Abstract: In this paper，superoxide dismutase (SOD) was used as a template，and purification and modification were coupled to obtain more stable modified SOD with higher activity. SOD was mixed with DEAE-52 and Cu2+ chelating-sephadex G-75 without being washed immediately but modified by activated PEG5000 upon that solid-phase column，then washed specifically. The modification and purification of SOD were completed at the same time. Finally，the specific activity of PEG-SOD after IEC-modification was 9638.0 U/mg，with a purification factor of 1.87. It was modified at 35.3% of its free amino groups.

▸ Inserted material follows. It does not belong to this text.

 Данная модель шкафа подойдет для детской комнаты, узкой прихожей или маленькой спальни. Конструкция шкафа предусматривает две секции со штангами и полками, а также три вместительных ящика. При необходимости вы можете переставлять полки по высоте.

And the specific activity of PEG-SOD after MCAC-modification was 9067.8 U/mg，with a purification factor of 1.755. It was modified at 40.9% of its free amino groups，retained 87.1% of enzymatic activity of native SOD. It is feasible to couple the purification and modification of SOD.And the coupling of MCAC and modification was better than this of IEC and modification.

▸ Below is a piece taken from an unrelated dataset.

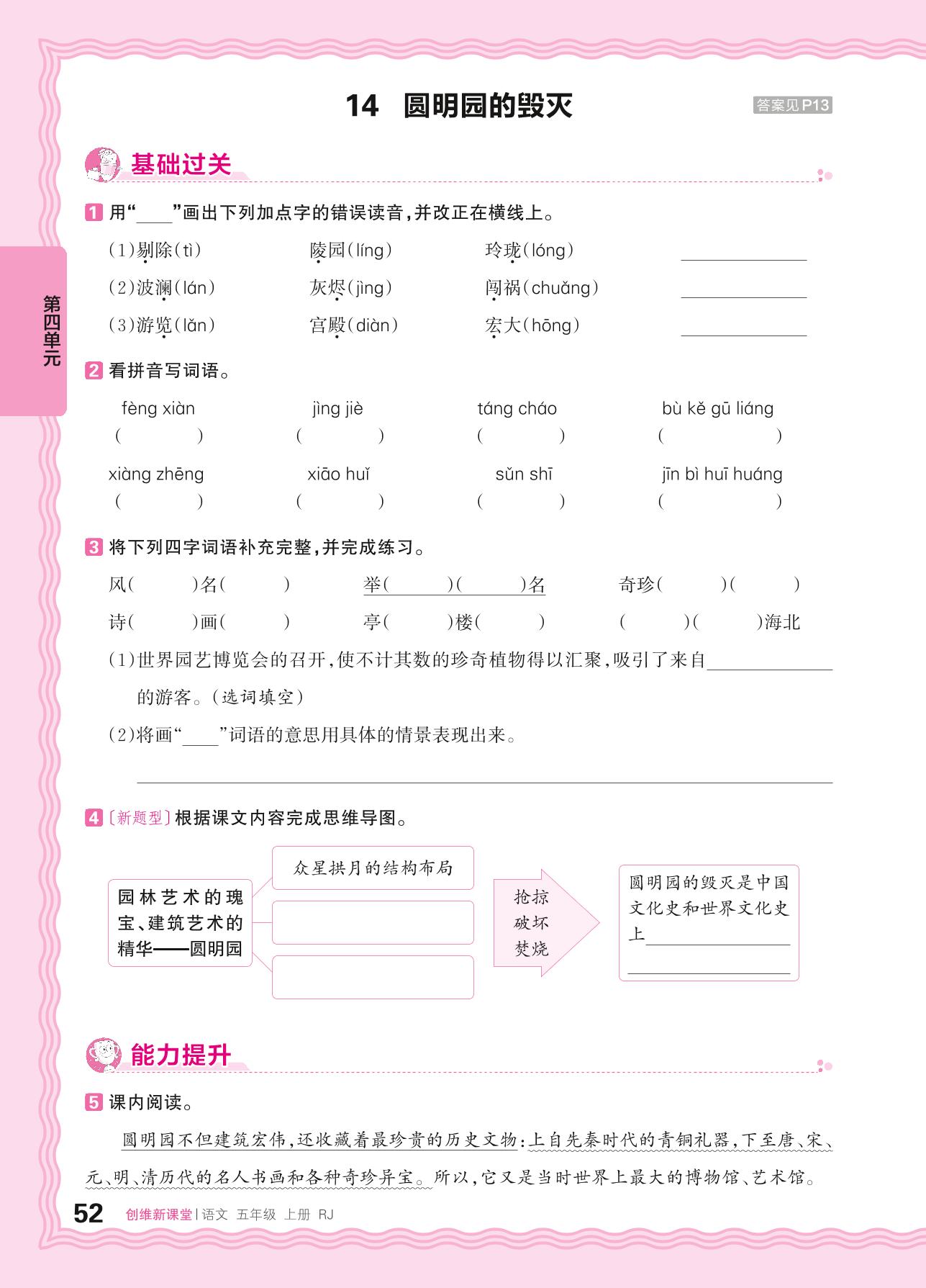 2024秋上册五年级语文人教版 第四单元 爱国情怀——14. 圆明园的毁灭

摘要： 以超氧化物歧化酶（superoxide dismutase，SOD）为模板蛋白，将其分离纯化过程和修饰过程耦合起来，从而获得比活更高、稳定性更好的修饰SOD。将SOD选择性地吸附在DEAE-52层析柱和铜离子螯合葡聚糖凝胶柱上，先不经洗脱分离，直接用活化的聚乙二醇（PEG）5000对吸附在柱上的SOD进行化学修饰，再通过特异性洗脱分离获得PEG-SOD，使SOD分离纯化和修饰过程同步完成。SOD通过离子交换吸附层析-PEG修饰耦合过程和金属螯合层析－PEG修饰耦合过程，所得的PEG-SOD比活力分别为9638.0 U/mg和9067.8 U/mg，纯化倍数分别为1.87倍和1.755倍，氨基修饰率分别为35.3%和40.9%。结果表明SOD的分离纯化-化学修饰耦合过程是可行的，且金属螯合层析-修饰耦合过程的效果要优于离子交换吸附层析-修饰耦合过程。